> YOUR TASK: Write out, word for word and with no pictures, each line below from the one containing "四川康藏路橋有限責(zé)任" through the one containing "Nasza świetlica również", both included, and no other line.

> MATERIAL FOR THE TASK:

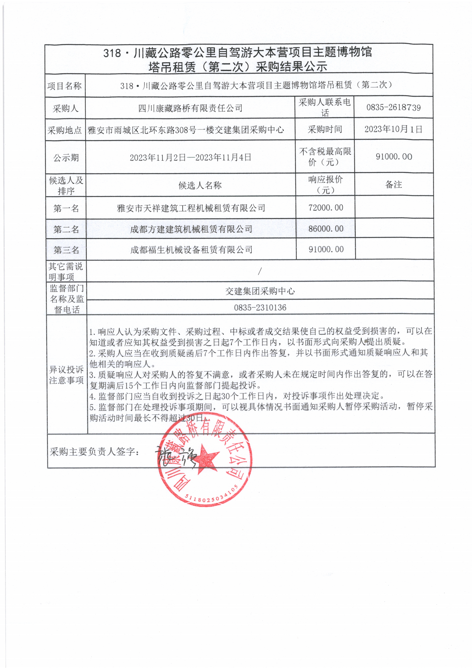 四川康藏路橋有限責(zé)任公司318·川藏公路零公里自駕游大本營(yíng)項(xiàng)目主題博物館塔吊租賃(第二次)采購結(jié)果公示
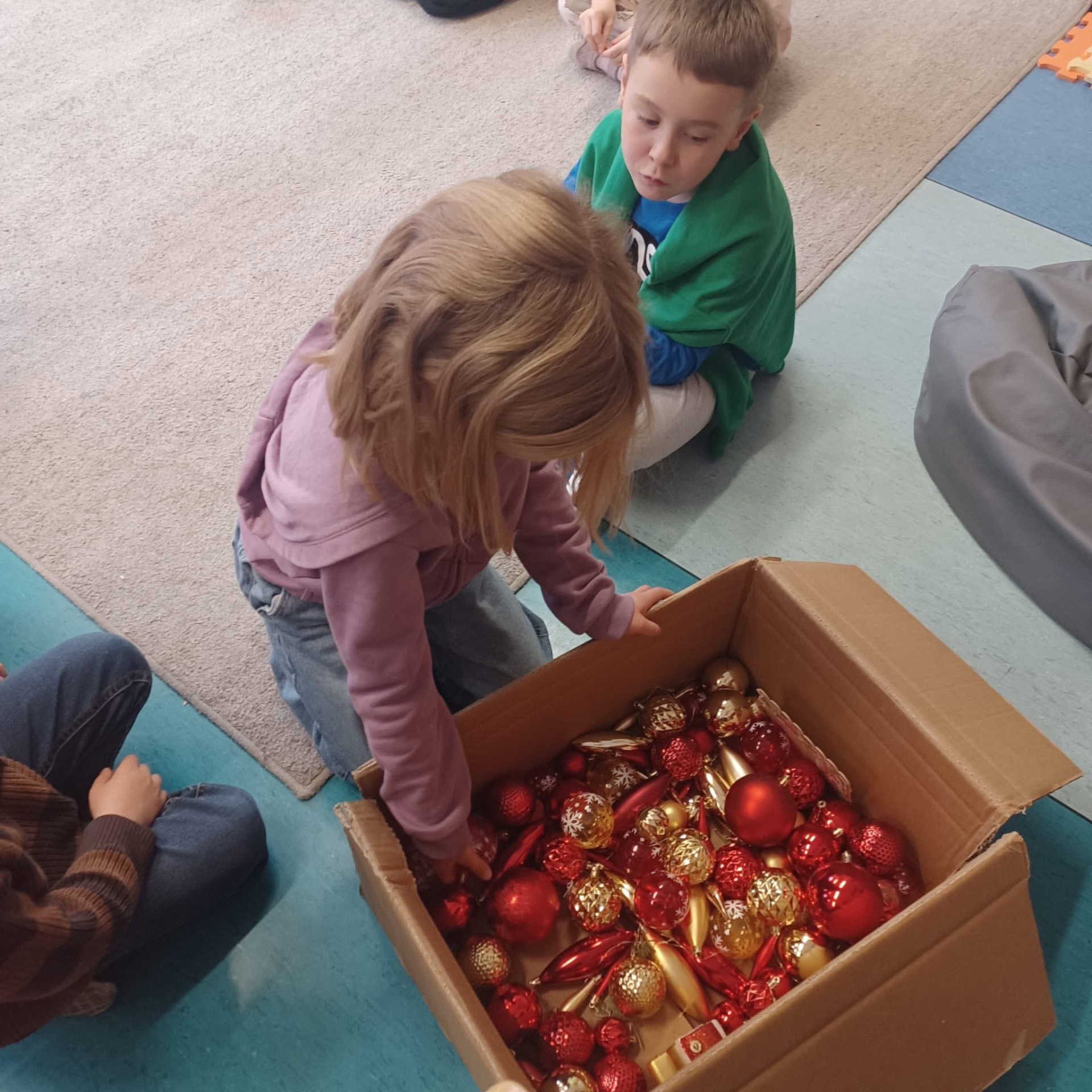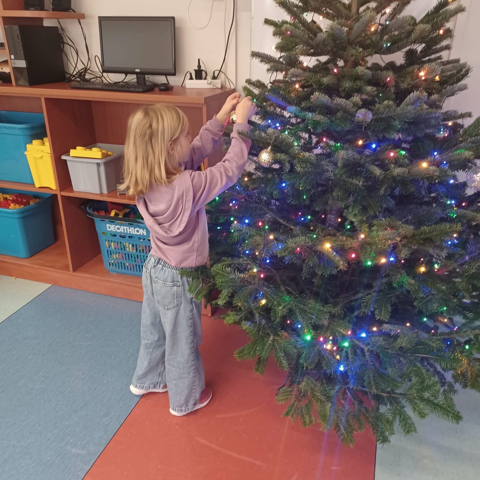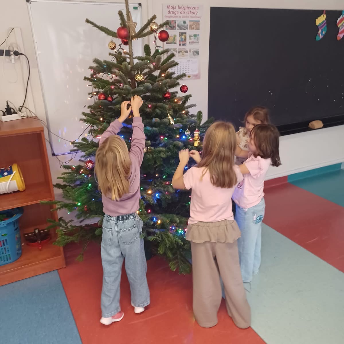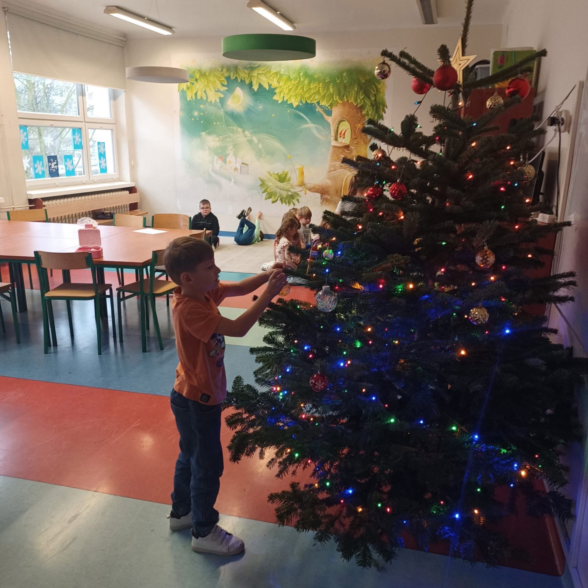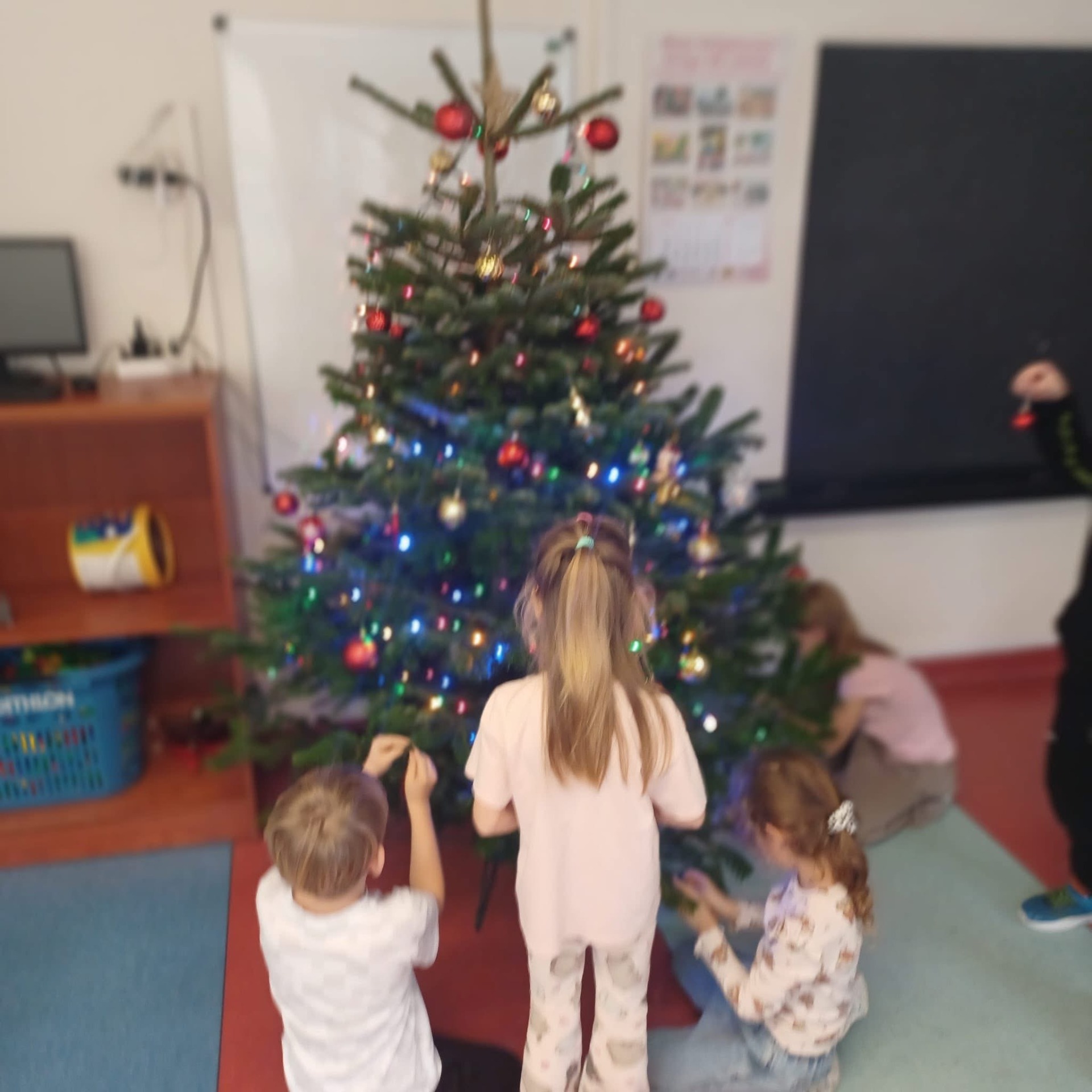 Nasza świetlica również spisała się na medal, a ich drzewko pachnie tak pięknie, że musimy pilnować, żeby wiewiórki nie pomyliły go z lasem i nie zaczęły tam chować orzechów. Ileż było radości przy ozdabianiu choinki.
* * *
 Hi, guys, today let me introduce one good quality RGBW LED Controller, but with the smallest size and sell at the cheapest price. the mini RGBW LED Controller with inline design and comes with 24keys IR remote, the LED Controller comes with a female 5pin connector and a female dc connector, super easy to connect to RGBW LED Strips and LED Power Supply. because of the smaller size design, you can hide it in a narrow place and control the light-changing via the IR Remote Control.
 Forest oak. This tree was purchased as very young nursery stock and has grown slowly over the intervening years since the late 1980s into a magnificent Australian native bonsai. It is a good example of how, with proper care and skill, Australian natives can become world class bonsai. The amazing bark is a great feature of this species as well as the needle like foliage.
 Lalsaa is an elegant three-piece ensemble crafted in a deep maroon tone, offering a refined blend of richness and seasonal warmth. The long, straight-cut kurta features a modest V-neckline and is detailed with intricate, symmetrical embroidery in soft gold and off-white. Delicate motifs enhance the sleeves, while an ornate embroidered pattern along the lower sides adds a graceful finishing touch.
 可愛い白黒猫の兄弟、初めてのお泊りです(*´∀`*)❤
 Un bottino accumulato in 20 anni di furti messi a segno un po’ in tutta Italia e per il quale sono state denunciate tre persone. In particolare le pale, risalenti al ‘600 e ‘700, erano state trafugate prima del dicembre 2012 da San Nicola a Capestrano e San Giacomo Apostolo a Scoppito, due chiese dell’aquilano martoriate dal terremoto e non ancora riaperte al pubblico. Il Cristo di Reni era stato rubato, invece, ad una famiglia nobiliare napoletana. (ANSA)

> TASK RESPONSE:
 四川康藏路橋有限責(zé)任公司318·川藏公路零公里自駕游大本營(yíng)項(xiàng)目主題博物館塔吊租賃(第二次)采購結(jié)果公示
 Nasza świetlica również spisała się na medal, a ich drzewko pachnie tak pięknie, że musimy pilnować, żeby wiewiórki nie pomyliły go z lasem i nie zaczęły tam chować orzechów. Ileż było radości przy ozdabianiu choinki.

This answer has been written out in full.